Despite the lack of cell lysis, the compromised epidermal barrier and occasional presence of skin lesions in Krt1-null mice is reminiscent of epidermolytic hyperkeratosis (a disorder also known as bullous congenital ichthyosiform erythroderma), which arises in individuals who carry single, dominant-acting missense alleles in KRT1 or KRT10 (Omary et al., 2004). In addition, the authors draw parallels between the pro-inflammatory transcription profile observed in Krt1-null epidermis and that seen in atopic dermatitis (eczema) or psoriatic human skin, which both are characterized by a reduced expression of KRT1 and the concomitant upregulation of the wound-inducible keratins KRT6, KRT16 and KRT17 (Freedberg et al., 2001; Segre, 2006).

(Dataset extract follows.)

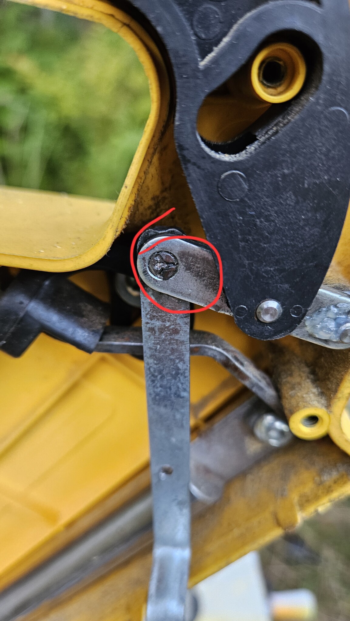 Dagens loppisfynd, en Dewalt girsåg DW707 visade sig inte dra tillbaka skyddet tillräckligt när man tryckte in handtaget. Ett kraftigt glapp i inringad led verkade vara orsaken. Jag tvingade ner en sågad och klippt remsa från en rörnit av mässing i glappet, och stukade ändan med en penhammare. Lite fett på leden och sedan test med lyckat resultat.

The study by Roth et al. in this issue adds significantly to a growing body of evidence highlighting a role in immunomodulation for select keratins in various epithelial contexts. In the simple epithelial lining of the mouse gut, for instance, loss of Krt8 causes hyperplasia and colitis with increased T-cell recruitment to the colon and upregulation of T-helper (Th) 2 cytokines (Habtezion et al., 2005). Targeted deletion of Krt5 in mouse leads to acute epidermal fragility along with massive, lethal skin blistering immediately after birth. This phenotype is remarkably similar to what occurs in epidermolysis bullosa simplex (EBS), a genetic disorder that results from function-abrogating mutations in either KRT5 or its partner KRT14 (Coulombe and Lee, 2012). Prior to birth, the skin of late-stage mouse Krt5-null embryos is mechanically sound in utero, but already shows elevated expression of the pro-inflammatory cytokines Il-6 and Il-1β (Lu et al., 2007) and Ccl2 and Ccl20, correlating with an increased density of antigen-presenting Langerhans dendritic cells in their epidermis (Roth et al., 2009). Coincidentally, individuals that suffer from EBS as a result of mutations at the KRT5 locus show an increased density of Langerhans cells in the epidermis, a phenomenon that is not seen in EBS cases that are associated with KRT14 mutations or in Krt14-null mice (Roth et al., 2009). Finally, the genetic loss of Krt17 results in a delay in the inception of basaloid tumors in Gli2 transgenic mouse skin, which correlates with reduced tumor keratinocyte proliferation and a global cytokine switch, from what should be a Th1- and/or Th17-dominated to a Th2-dominated immune profile, in skin tumors (DePianto et al., 2010) (Fig. 1). In particular, pro-inflammatory cytokines such as Cxcl5, Cxcl9 and Cxcl11, which are produced by and mitogenic for keratinocytes and are otherwise known to have a role in the pathogenesis of basal cell carcinoma in humans (Lo et al., 2010), exhibit a Krt17-dependent and keratinocyte-autonomous regulation in mouse skin keratinocytes (DePianto et al., 2010).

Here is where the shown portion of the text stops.